Mars Mice

Each mouse's wastes will be collected in a compartment beneath its habitat; the compartment will contain a urinalysis system checking for biomarkers that indicate bone loss.

Each habitat will also be equipped with a body mass sensor, which will take frequent readings. This will also allow the researchers to track how the weight of the mice changes over the course of the five weeks.

Each mouse will also have toys to keep it busy. "We may give them a wooden block to chew on," says Wooster. That'll keep them happy, and will also prevent them from chewing on the habitat. They might have a small tube to run through.

No wheels, though, says Wooster, because NASA has learned that exercise can counteract some of the effects of low-gravity on astronauts. A mouse with a wheel in its cage can actually run several miles a day. "We don't want to give the mice a countermeasure in terms of exercise."

The students will be using only female mice, says Wooster. That's partly because female mice eat slightly less than male mice, decreasing the mass that must leave Earth. But more importantly, some studies suggest that females are affected more strongly by lowered gravity than the males.

Those studies, though, weren't conducted in true partial gravity. Rather, they were done by suspending the hind legs of the animals, so that the mice are only able to feel part of their weight on the ground. The simulated Mars gravity inside the Biosatellite will be much more realistic.

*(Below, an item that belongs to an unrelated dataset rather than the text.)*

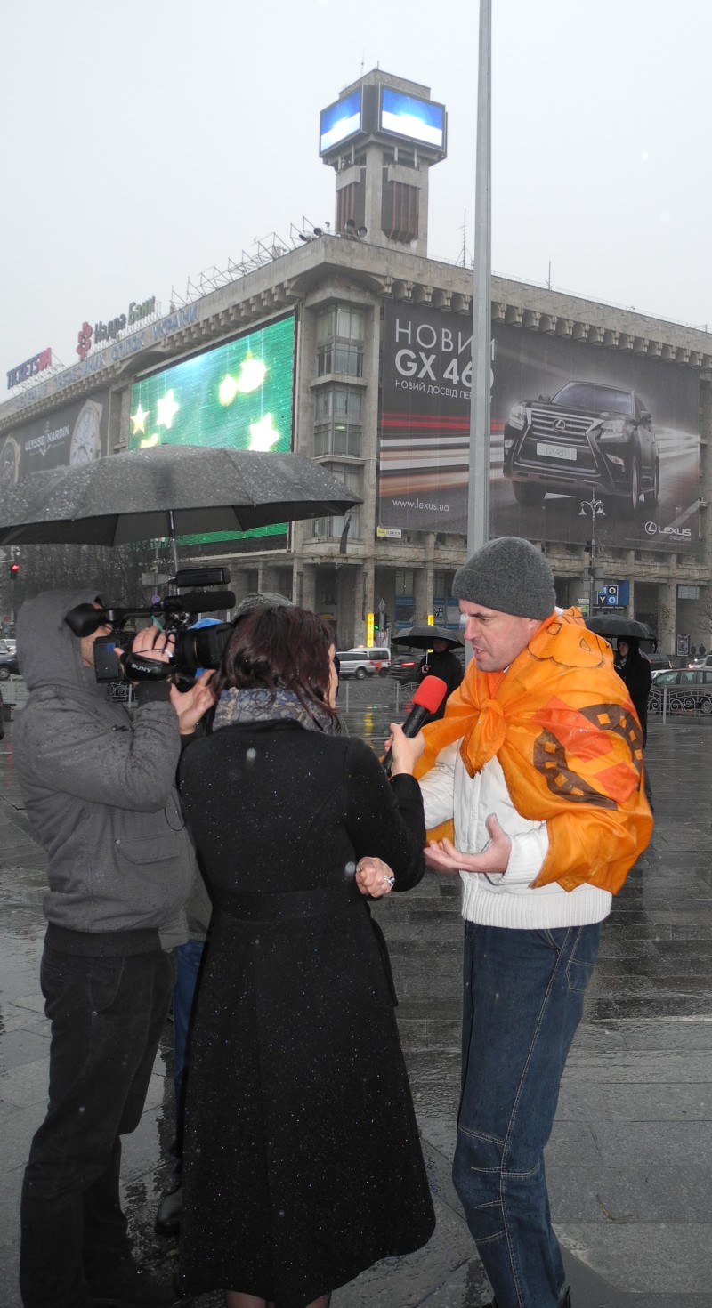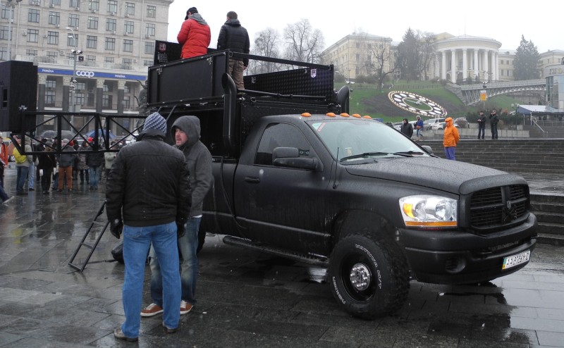 Въезды на сам Майдан заблокированы милицейскими машинами. Еще с ночи удалось прорваться прямо к Ёлке БЧЖ с акустической аппаратурой.

Credit: MarsGravity.org Much of the Mars Gravity Biosatellite is still on the drawing board. Shown here is a cutaway design diagram of a mouse habitat for the spacecraft.

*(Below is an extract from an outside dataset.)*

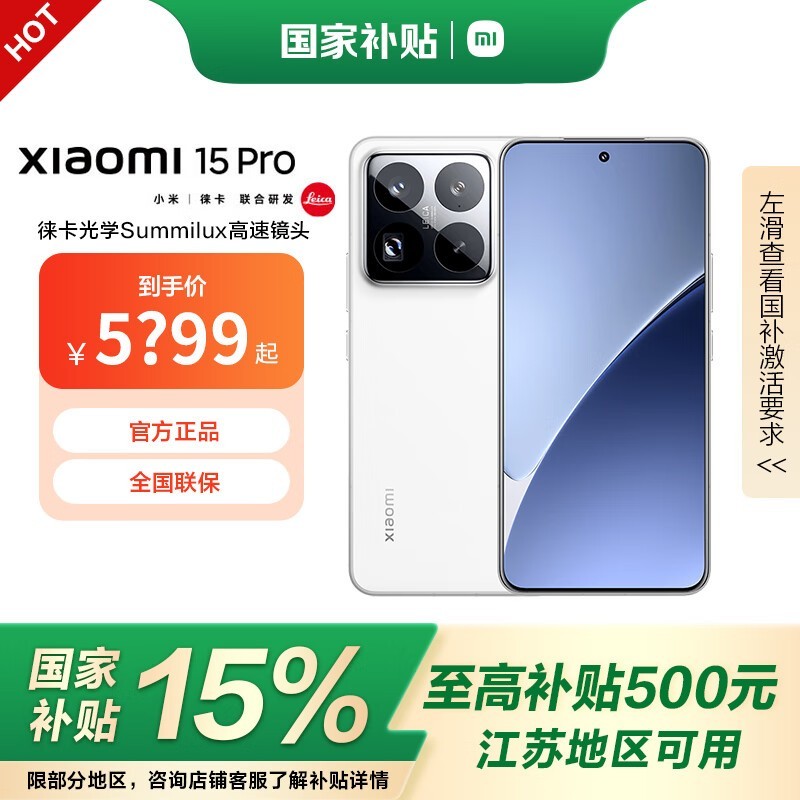 小米15 Pro旗舰5G手机京东热促白色16GB+512GB版到手4799元

Through the three participating universities, more than 250 students have been involved in the Biosatellite project. The project is being led and coordinated by MIT, which is also managing the animal habitats and life support systems. The University of Washington is in charge of providing electrical power, propulsion, attitude control, thermal control, and all the communications to the ground. The University of Queensland is in charge of the entry, descent, and landing systems, including the heat shields and parachutes.

"I think that one of the big contributions of the Biosatellite," says Wooster, "is the educational benefit for the students involved." So many people, he says, have been inspired by this project, and have learned from it. "Plus we're going to be getting back information that nobody's ever had before, data that have been missing in the planning of human missions to Mars."

How might humans respond to gravity on Mars?

With the successful landing of NASA's rover Opportunity, that question seems closer and closer to one we'll need to solve.